Fields; Mevce ve Eren Çıracı tarafından İstanbul'da kurulmuş bir mimarlık ve endüstriyel tasarım ofisi. Stüdyonun ortakları hedeflerini, “iki disiplinin uzmanlıklarını birleştirmek, obje ve mekan arasında faaliyet göstererek mimarlık ve tasarım alanlarında yeni ve farklı olanı keşfetmeye çalışmak” olarak ifade ediyorlar.
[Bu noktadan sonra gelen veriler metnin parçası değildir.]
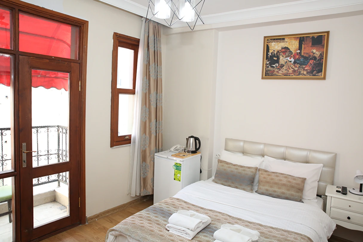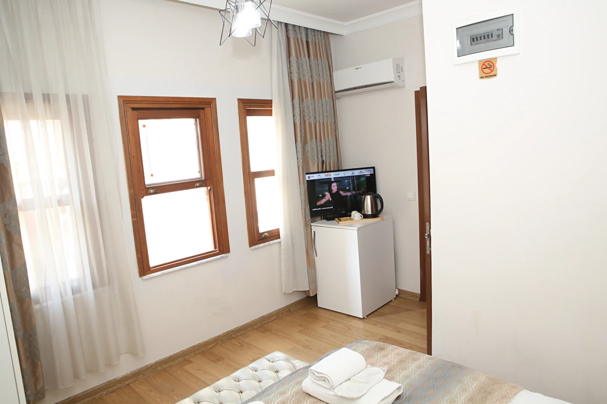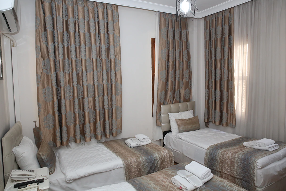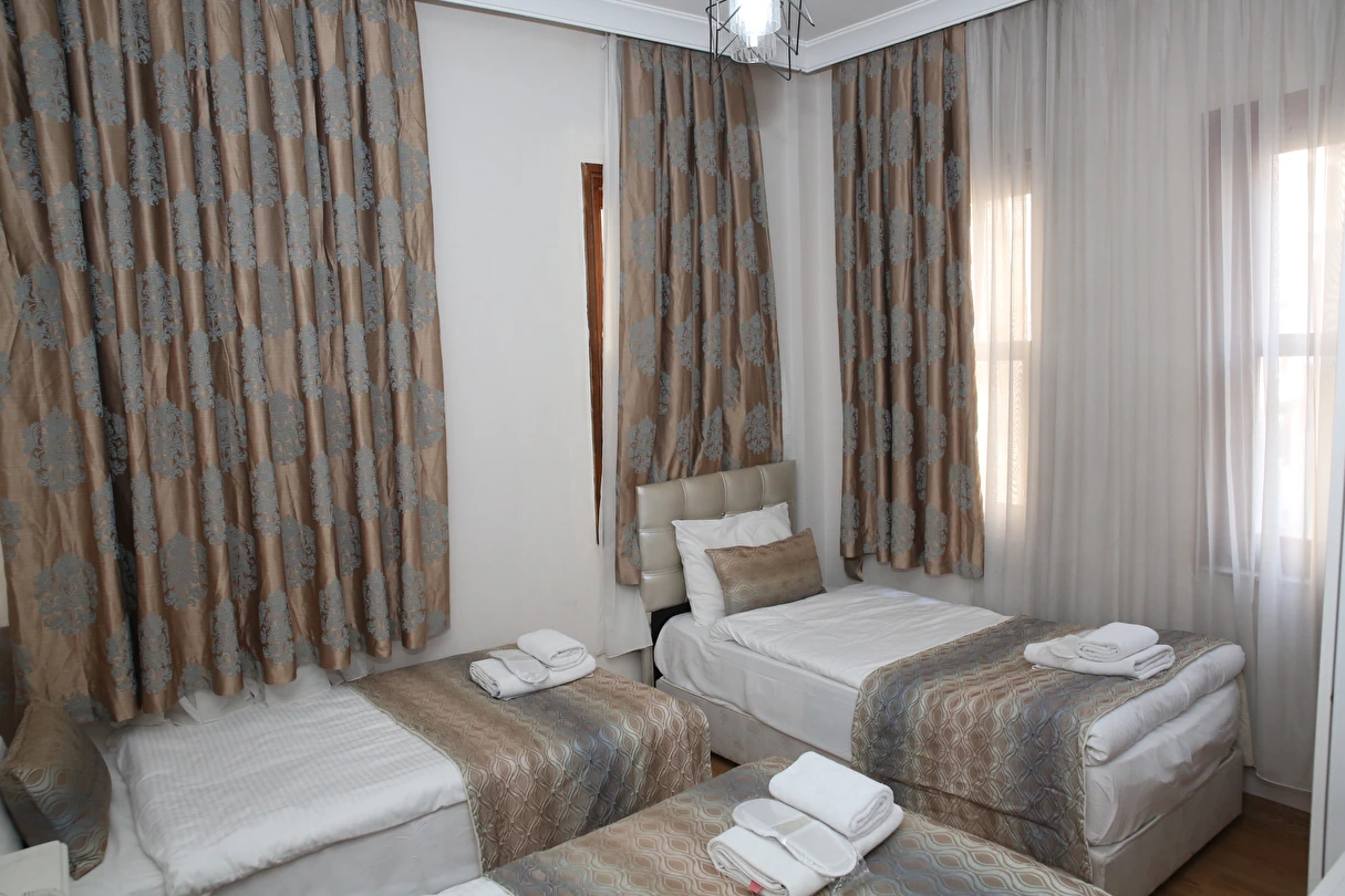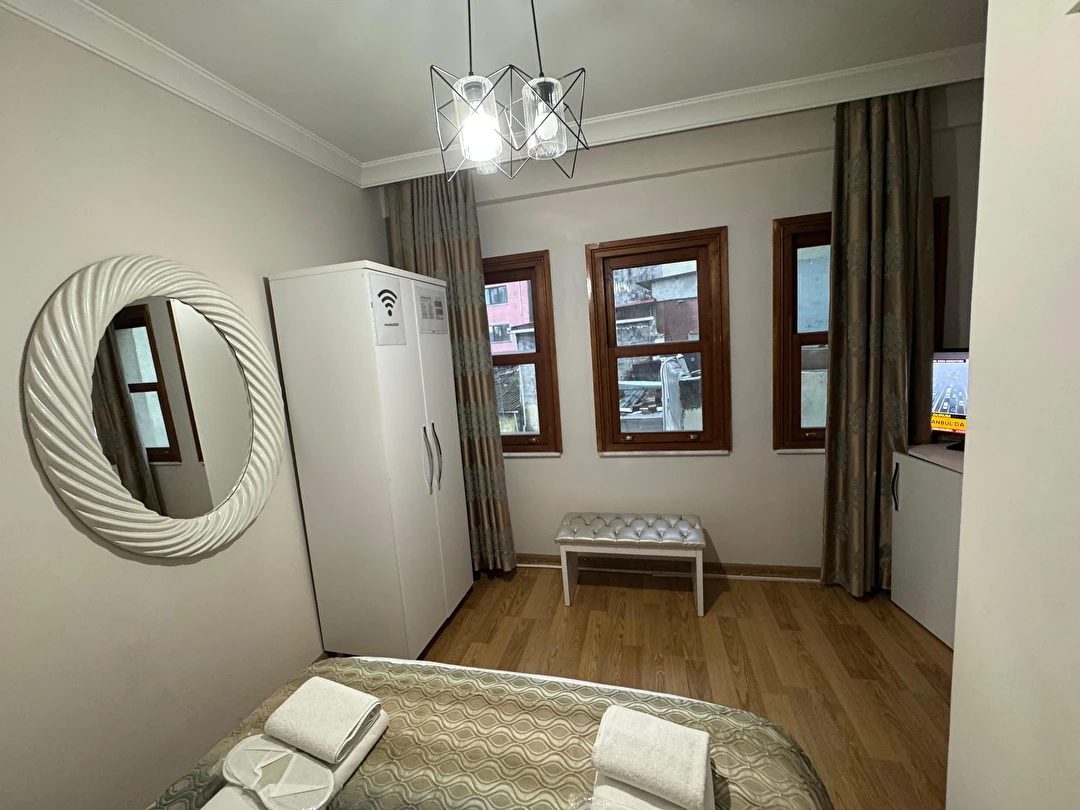 Daha Fazla GösterYenilenmiş olan tarihi Rum yapım binalardan oluşan otelimiz, Yenikapı metro/marmaray duraklarına ve Aksaray Tramvay durağına 5 dakika yürüme mesafesindedir. Kapalıçarşı ve Sultanahmet gibi tarihi yerlere hem yürüme hem de tramvay kullanarak kolaylıkla ulaşabilirsiniz. IDO feribot iskelesi 5 dakika uzaklıktadır. Ayrıca IST havalimanından Aksaray durağına gelen HAVAIST otobüs durağına da 10 dakika yürüme mesafesindeyiz. Otelimizde tek-çift ve üç kişilik balkonlu/balkonsuz odalarımız mevcuttur. Kahvaltı hariç ve dahil fiyatlardan yerimizi ayırtabiliyorsunuz. Asansör olmadığını belirterek, asansör ihtiyacı duyulmadan, giriş kattan başlayarak üçüncü kata kadar odalarımız mevcut. Tüm odalarımızda ve açık alanlarda ücretsiz Wifi bulunmaktadır.

Tasarımcı çift; cephe panellerinin, şişelerin, koltukların, lambaların, konser salonlarının ve tasarlanmış herşeyin bir diğerini kullanım, malzeme ve imalat konularında bilgilendirebileceğine, tasarımın teknoloji ve kültürün farklı ve çeşitli yörüngelerini kesiştirdiğine inanıyor. Bebekte, küçük bir pasajın içinde yer alan Art Of Coffee’nin yeni tasarımında ise çift; vektörel grafik anlatım, duvar kağıtları, sabit mobilyalar ve malzeme derzleri arasında bir ilişki kurmaya çalışan bir tasarım dili yaratmaya çalışmış.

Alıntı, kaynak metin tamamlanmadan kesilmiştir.